Un día triste fue cuando Sand abandonó
el lecho. La vista del amigo martirizado de aquel modo lanzó a
Dick, ya levantado desde hacía una semana, en un abismo de
desesperación. La impresión que le produjo aquel
espectáculo fue tan duradera como profunda. Se transformó
de pronto, como si una varita mágica le hubiera tocado.
Nació otro Dick, más respetuoso, más reflexivo,
con una conducta menos descarada y menos combativa.
Era entonces principios del mes de junio, es decir ,
el momento en que la nieve comenzaba a bloquear a los liberianos en sus
viviendas. Un mes más tarde entraban en el período
más frío de aquel rudo invierno. No había que
contar con el deshielo antes de la primavera.
El Kaw-djer se esforzó por reaccionar contra
los deprimentes efectos de aquel largo cautiverio. Se organizaron bajo
su dirección juegos al aire libre. Por un canal abierto con gran
cantidad de brazos en la orilla del río, el agua, sacada de
debajo del hielo, se expandió por la llanura cenagosa que fue
transformada así en un admirable campo de patinaje. Los adeptos
a aquel deporte, muy practicado en América, se lo pasaron en
grande. Para quienes les era familiar, se dispusieron carreras de
esquís o vertiginosos deslizamientos en trineos a lo largo
dé las pendientes de las colinas del sur.

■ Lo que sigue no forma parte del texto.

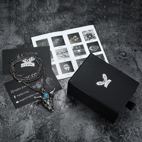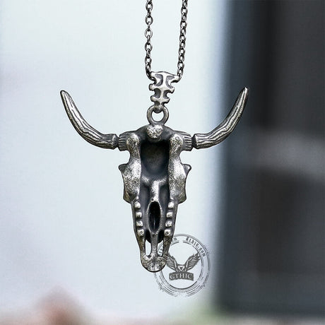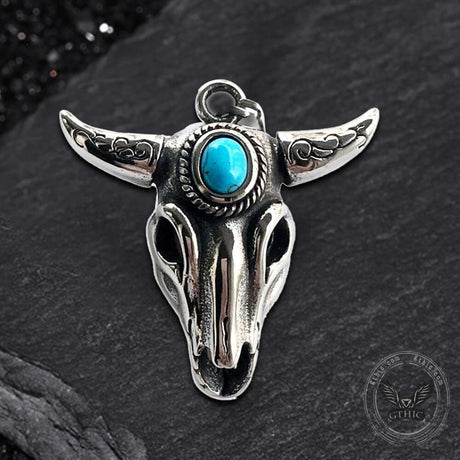Bull Head Skull Stainless Steel Turquoise Pendant
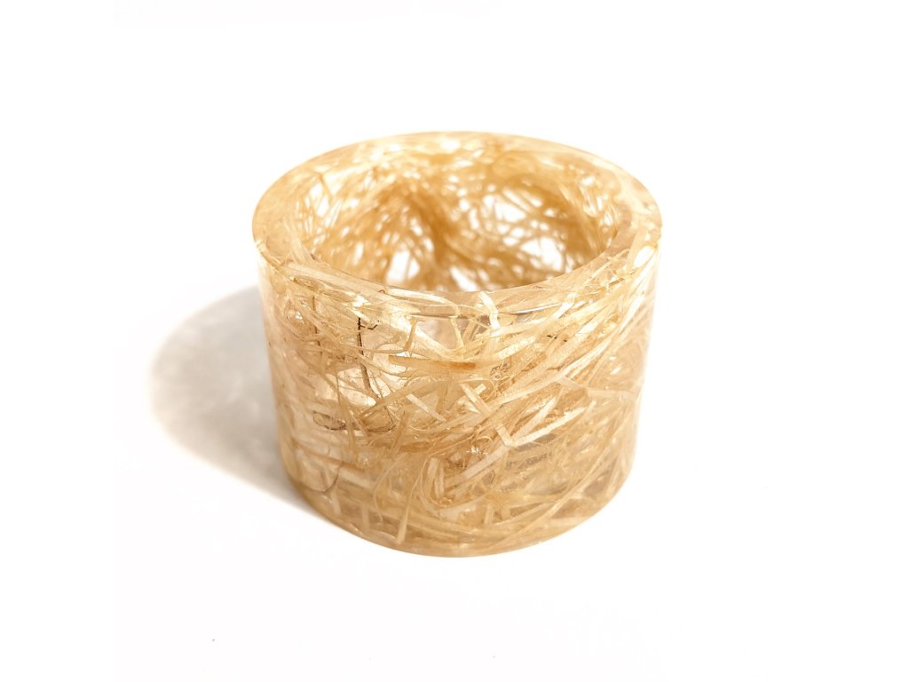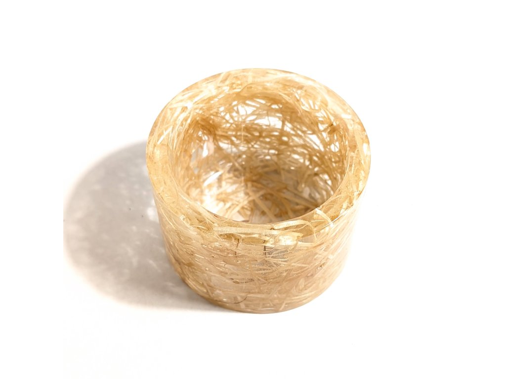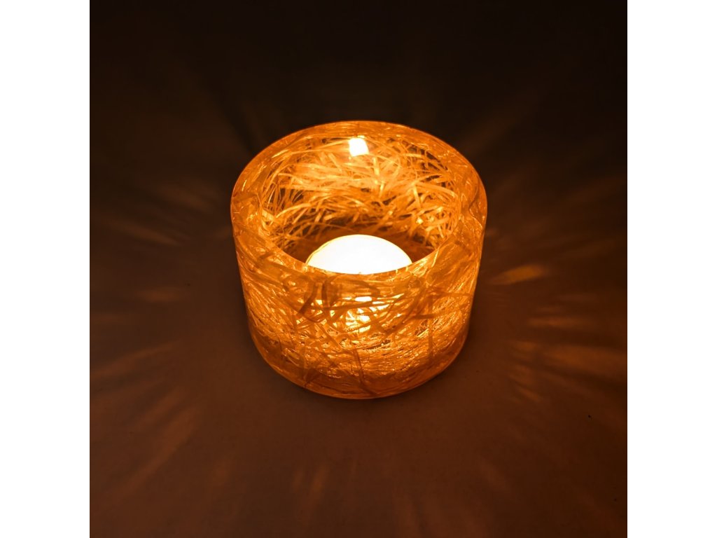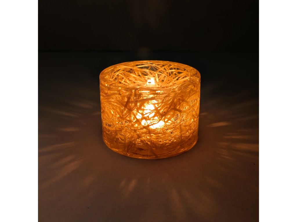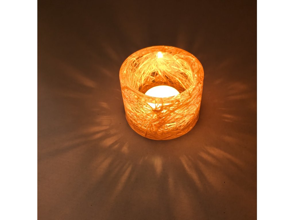 Každý svícen je jedinečný originál. Tento je vyrobený ze slámy a pryskyřice.

Poco a poco, los invernantes se acostumbraron a
aquellos deportes en el hielo y tomaron gusto por ellos. Además
éstos influyeron notablemente en la alegría y en la salud
públicas. Así se fueron sucediendo los días, mejor
o peor, hasta el 5 de octubre. En esa fecha tuvo lugar el deshielo. La
nieve que cubría la llanura situada junto al mar fue la primera
en fundirse. Al día siguiente se fundió a su vez la que
ocupaba Liberia, transformando las calles en torrentes, mientras que el
río rompía su prisión de hielo. Luego, el
fenómeno se generalizó y el deshielo de las primeras
pendientes del sur alimentó durante muchos días los
torrentes enlodados que se deslizaban a través de la ciudad;
finalmente el deshielo continuó propagándose por el
interior y el río creció rápidamente. En
veinticuatro horas alcanzó el nivel de las orillas. Muy pronto
se desbordaría por la ciudad. Había que intervenir, so
pena de ver destruida la obra de tanto tiempo.

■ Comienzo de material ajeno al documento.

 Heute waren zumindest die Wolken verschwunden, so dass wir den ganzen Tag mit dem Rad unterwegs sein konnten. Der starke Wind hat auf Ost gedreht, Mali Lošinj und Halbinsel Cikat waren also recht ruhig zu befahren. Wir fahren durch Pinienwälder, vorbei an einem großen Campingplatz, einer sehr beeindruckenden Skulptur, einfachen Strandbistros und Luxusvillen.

El Kaw-djer echó mano de todos los brazos. Un
ejército de jornaleros levantó una presa siguiendo un
ángulo que abarcaba la ciudad y cuyo vértice se
situó al sudoeste. Uno de los lados de aquel ángulo se
dirigía oblicuamente hacia los montes del sur, mientras que el
otro, trazado a una cierta distancia del río, se amoldaba
sensiblemente a su curso. Un pequeño número de casas, y
especialmente la de Patterson, construidas demasiado cerca de la
orilla, quedaban fuera del perímetro de protección.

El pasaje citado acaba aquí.